Wednesday, January 7, 2009

Another Strong Endorsement for Tom Geoghegan

This one from Thomas Frank in the Wall Street Journal:
Now that conservative orthodoxy has collapsed in a heap of complex derivatives, I can't help but think what a refreshing dose of plain-spoken Midwestern reality Mr. Geoghegan could bring to the nation as a whole.

To begin with, Mr. Geoghegan thinks big while Democrats in Washington tend to think small, proposing a stimulus package here and better oversight there. The government's goal, as he explained it to me a few days ago, should not merely be "to pump up demand again." It should be to enact sweeping, structural change, "to get in a position where we're not bleeding jobs out of the country."

[snip]
It is also time, he says, to change the relationship between the financial sector and the rest of the economy. After all, as he tells me, "We bought into these banks, we ought to have directors on the boards. We the people, as stockholders, have different interests than some other stockholders because we have some other ideas about how we prosper in the long term."

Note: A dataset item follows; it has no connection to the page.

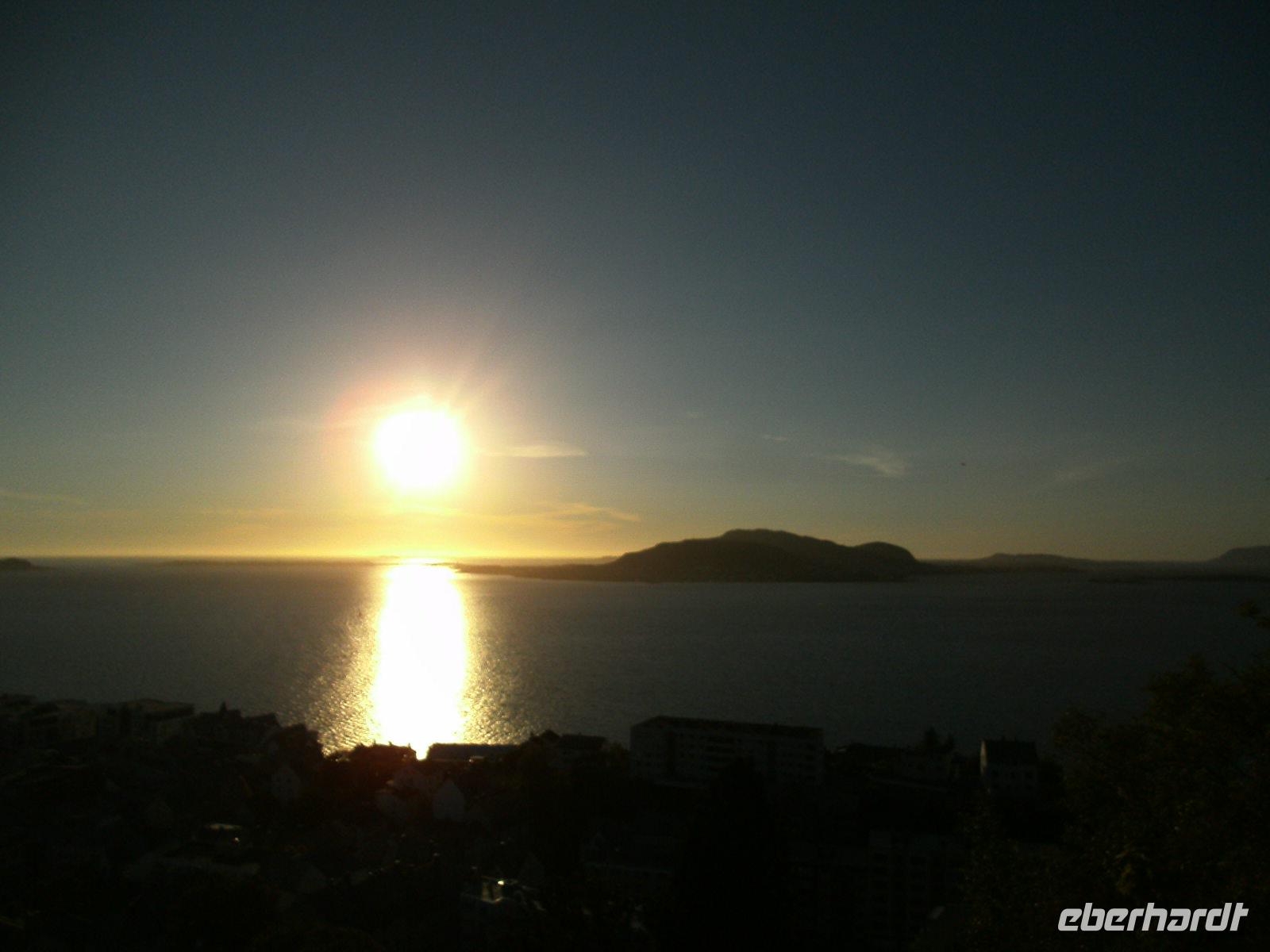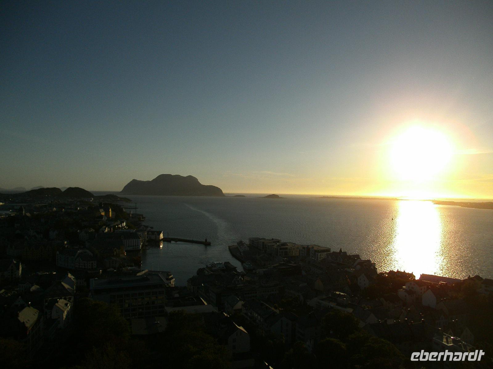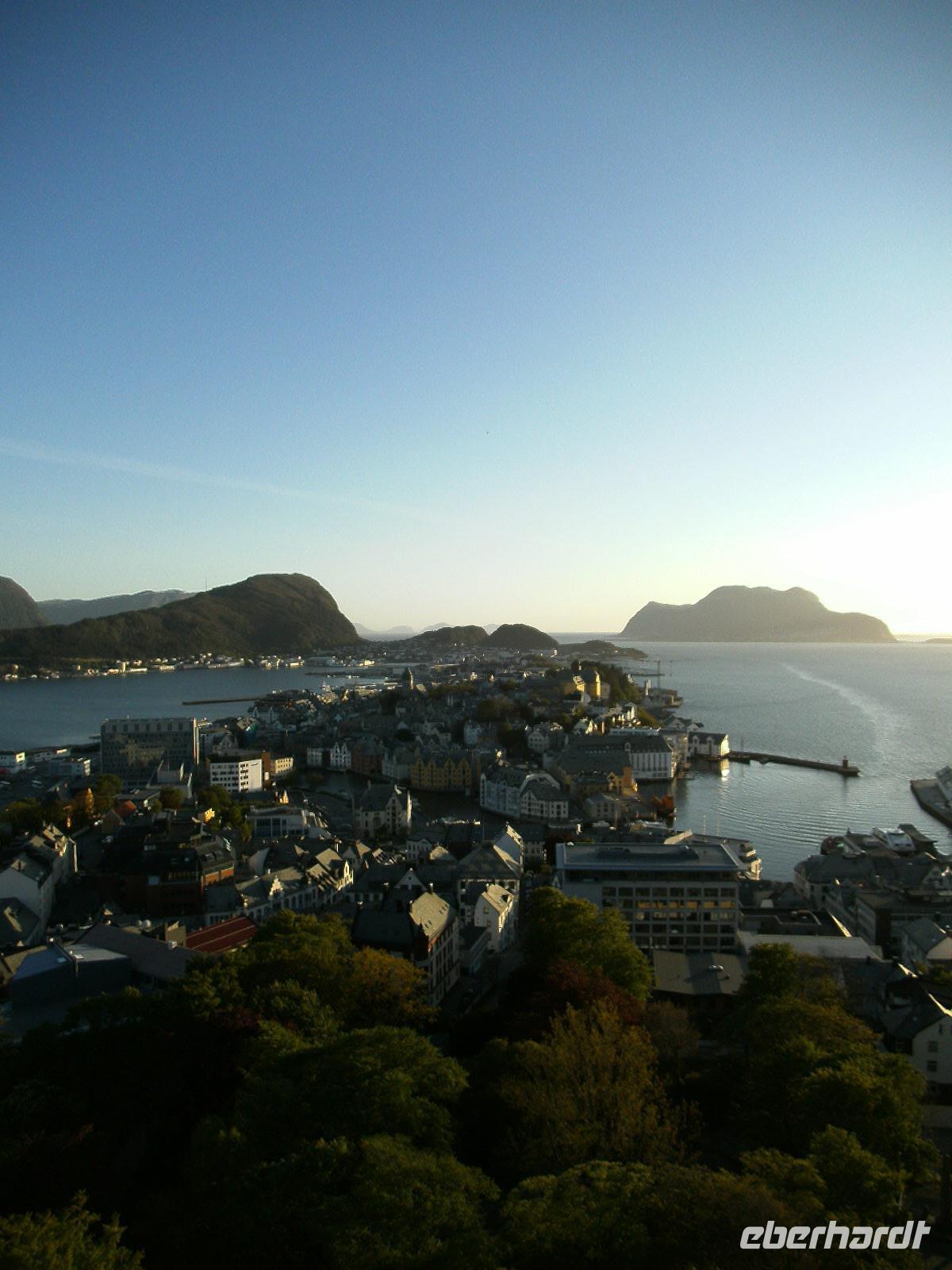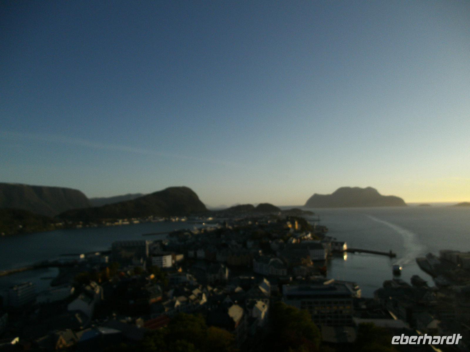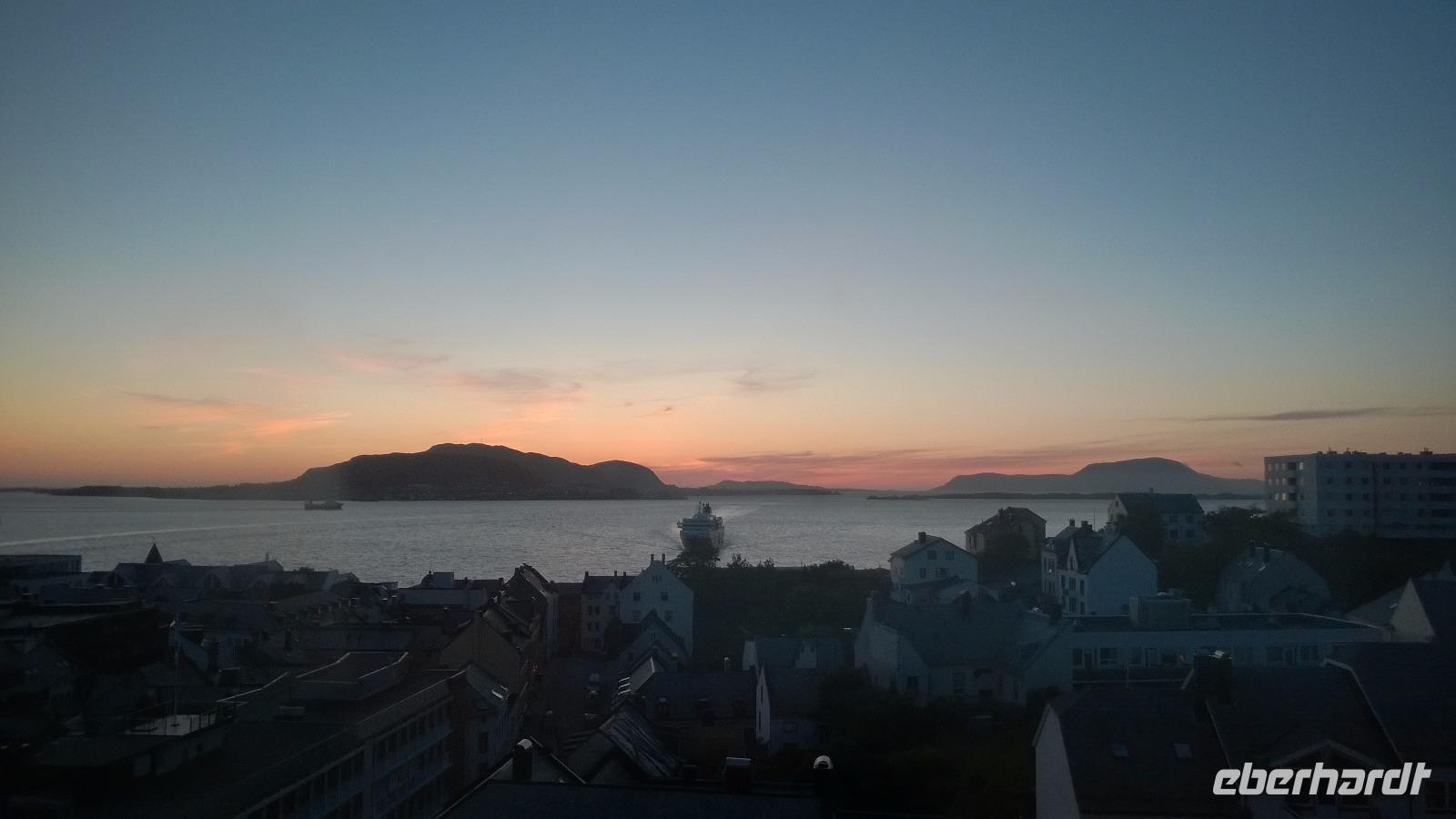 Am Abend kommen wir dann mit vielen Eindrücken in Aalesund, der Stadt des Jugendstils, an. Die Beine kann man sich hier in der Stadt vertreten und dabei all die vielen Jugendstilornamente an den Häusern bestaunen oder aber man kraxelt hoch auf den Berg hinterm Hotel und hat eine Aussicht, die wieder mal ein „Zwick mich mal, damit ich auch weiß, dass das hier Wirklichkeit ist" einfordert.

For example, "rather than go for high-roller returns on financial speculations," a publicly appointed director "might be willing to accept lower returns in manufacturing where we can be globally competitive and create good jobs."

This is supposed to be a time for bold ideas on the left, with the failures of the free-market consensus becoming more glaring and more painful by the day. And Mr. Geoghegan's ideas should be part of the debate.